SuaraJogja.id - Presiden Joko Widodo melantik Guntur Hamzah menjadi hakim Mahkamah Konstitusi (MK), Rabu (23/11/2022). Pelantikan tersebut merupakan usulan dari Dewan Perwakilan Rakyat (DPR).
Direktur Pusat Studi Hukum dan Konstitusi Universitas Islam Indonesia (PSHK UII) Dian Kus Pratiwi menilai, terdapat rentetan proses inkonstitusional dalam pelantikan Guntur Hamzah menjadi hakim MK oleh Presiden, karena cacat dari segi proses usulan oleh DPR.
"Proses pengusulan Guntur Hamzah dilakukan secara tertutup, hanya melibatkan internal DPR," ucapnya, Rabu siang.
Atas situasi ini, Dian menyatakan maka hal tersebut jelas-jelas telah melanggar Pasal 20 ayat (2) UU MK. Di dalam UU itu diamanatkan, proses pemilihan hakim konstitusi dilakukan melalui proses seleksi yang objektif, akuntabel, transparan, dan terbuka.
Baca Juga:Guntur Hamzah Pengganti Hakim MK Aswanto Ucapkan Sumpah di Depan Presiden Jokowi
Selain itu perlu diketahui, bahwa sebelumnya, proses pengusulan Guntur Hamzah oleh DPR didahului dengan pemberhentian Aswanto dari jabatan hakim konstitusi.
"Hal tersebut juga telah melanggar Pasal 23 ayat 4 UU MK, yang menyatakan bahwa pemberhentian hakim hanya bisa dilakukan dengan Keputusan Presiden atas permintaan dari Ketua MK," tambahnya.
DPR, menurut PSHK UII, tidak berhak dan tidak mempunyai kewenangan untuk mengusulkan pemberhentian hakim MK.
Tindakan pelampauan kewenangan oleh DPR dapat dikategorikan sebagai bentuk intervensi DPR terhadap kekuasaan kehakiman.
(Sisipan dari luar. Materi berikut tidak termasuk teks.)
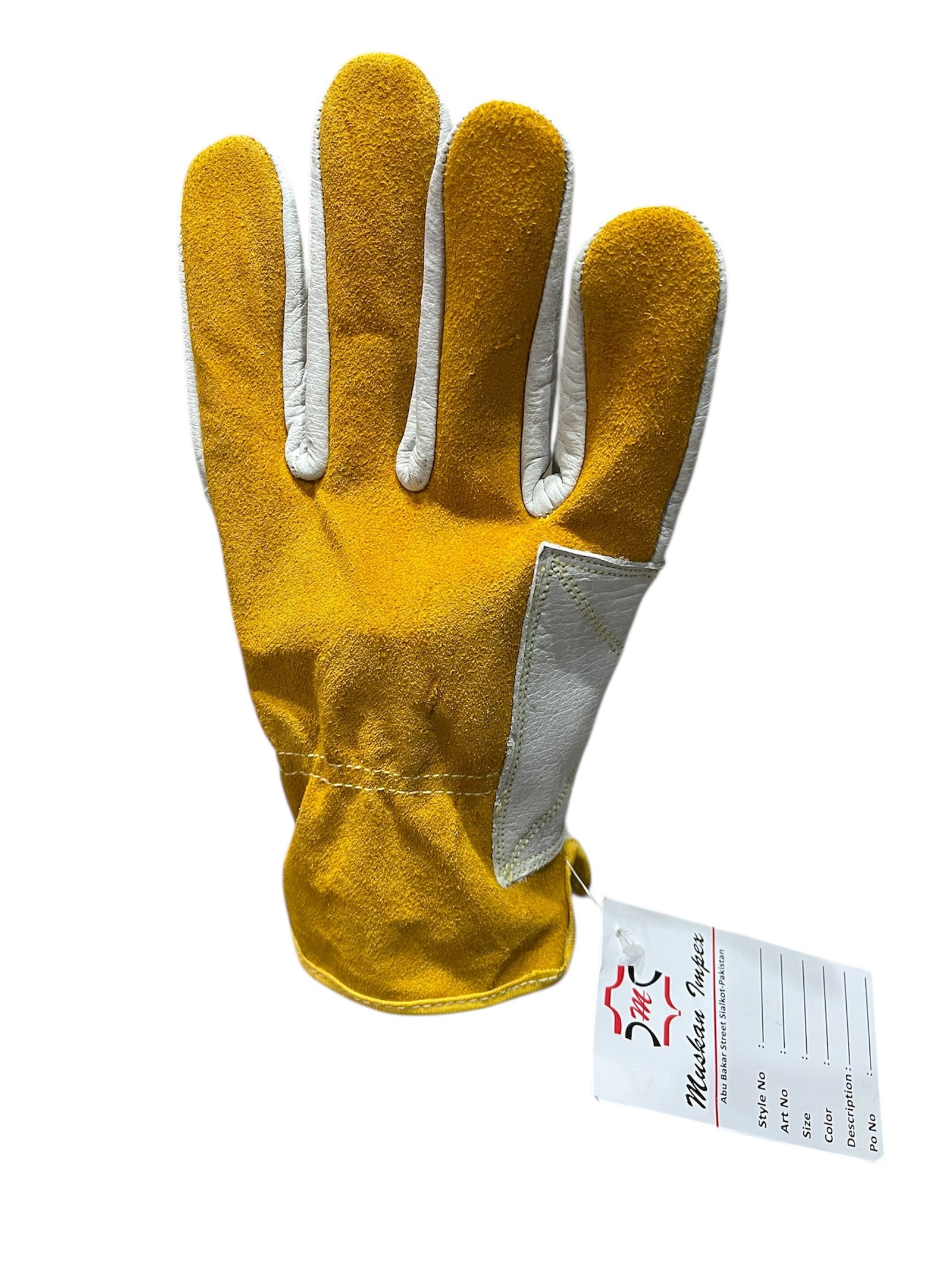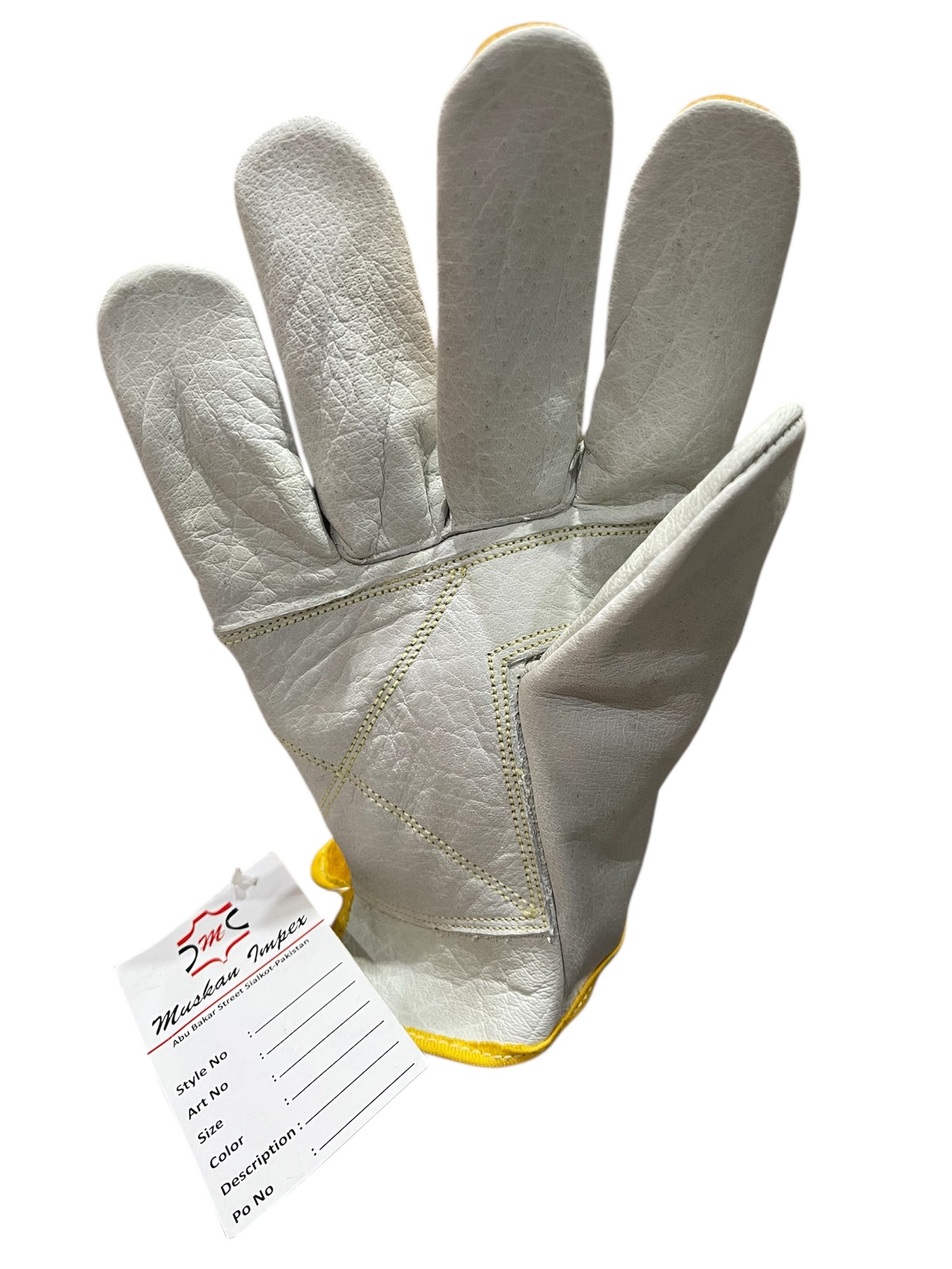 Crafted for durability, comfort, and protection, our premium driving gloves feature a white grain goat skin leather front paired with a yellow cowhide split leather back and palms for superior grip and abrasion resistance. Reinforced with Kevlar stitching, these gloves ensure long-lasting performance even under demanding conditions.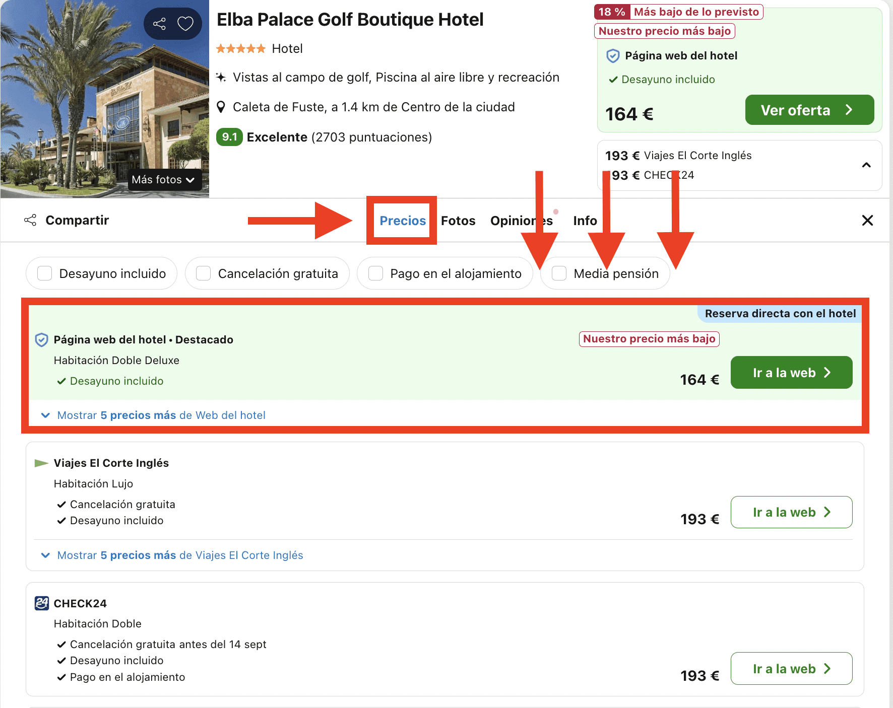 En Trivago, dirígete a la pestaña «Precios» en la página del hotel y elige la opción destacada: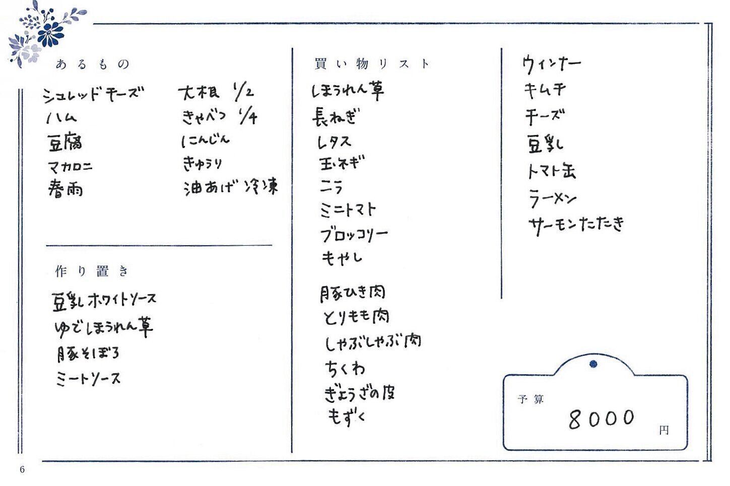 基本は1週間分まとめ買い 買い物リスト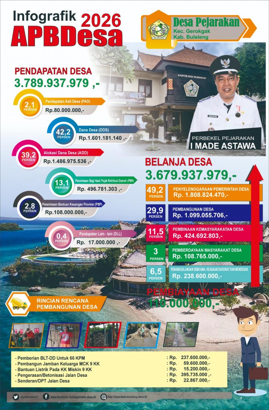 - Info Grafik Rencana Pembangunan Pemerintah Desa (APBDesa) Pejarakan Tahun 2026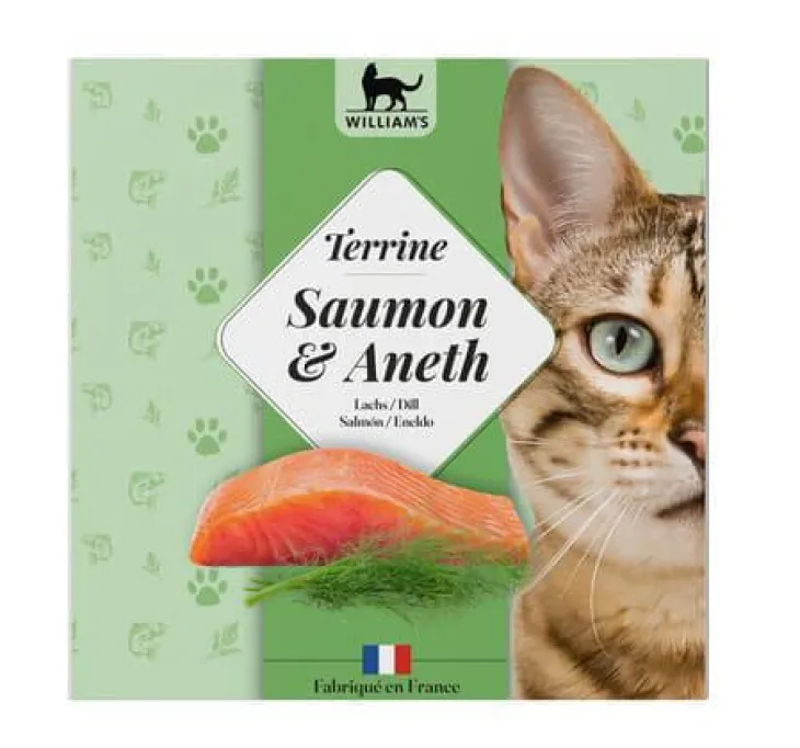 | Composition | Saumon de fontaine (58,05%), bouillon (40%), tapioca (1,2%), Aneth (0,25%)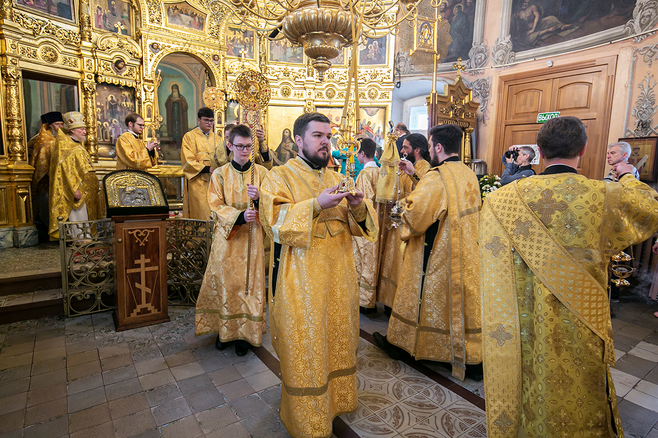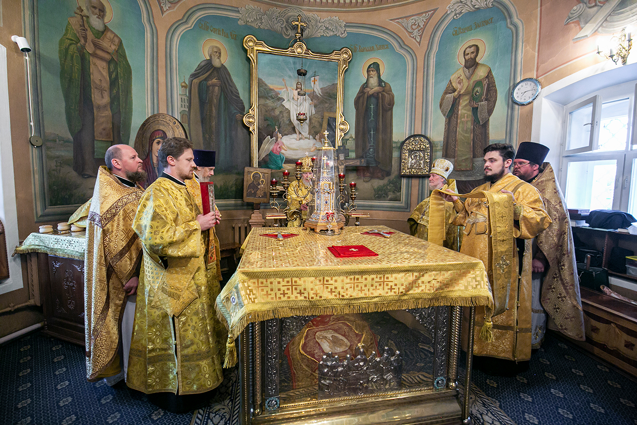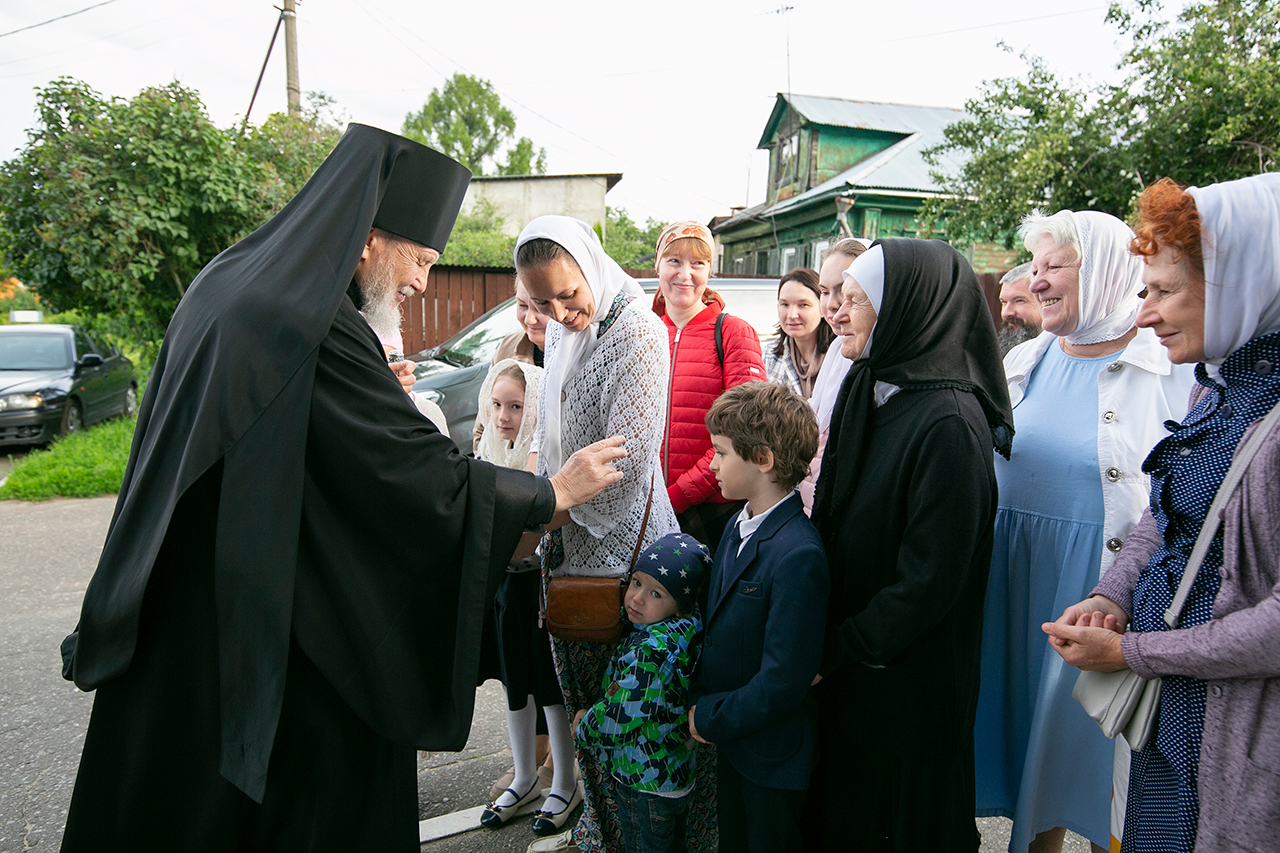 По окончании Литургии к епископу Николаю обратился настоятель Покровского храма отец Алексий, который поблагодарил Владыку за визит и совместную молитву и на память о богослужении преподнёс икону Владимирской Божией Матери.

PSHK UII menekankan kembali bahwa ini jelas-jelas melanggar Pasal 24 ayat (1) UUD NRI 1945, yang menyatakan bahwa MK bersifat merdeka dan independen. Sehingga, MK tidak ada hubungan dan bukan merupakan bagian dari DPR.
Baca Juga:Sebut DPR Arogan karena Copot Hakim MK Aswanto, Formappi: Injak-injak Independensi Lembaga Negara
Dian menjelaskan, apabila proses pemberhentian dan pengusulan yang berakhir pada pelantikan hakim konstitusi yang inkonstitusional tersebut diteruskan, maka dapat menjadi preseden yang buruk dalam penyelenggaraan kekuasaan kehakiman. Termasuk juga secara umum dalam penyelenggaraan praktik ketatanegaraan.
"Sehingga terjadi pembangkangan terhadap amanat reformasi. Dari yang seharusnya menyelenggarakan rule of law, bergeser menjadi rule by man or politics," sebut Dosen Hukum Tata Negara Fakultas Hukum UII ini.
Dian menyatakan, lewat beberapa catatan tersebut, PSHK FH UII merekomendasikan agar Presiden segera menganulir pelantikan Guntur Hamzah menjadi Hakim Konstitusi.
"Karena prosesnya yang inkonstitusional," tegas Dian.
Rekomendasi berikutnya, masing-masing lembaga pengusul Hakim Konstitusi yakni DPR, Pemerintah, dan Mahkamah Agung perlu merumuskan model serta format seleksi Hakim Konstitusi sesuai prinsip transparan, partisipatif, objektif, dan akuntabel sesuai yang telah diatur dalam Pasal 20 ayat (2) UU MK.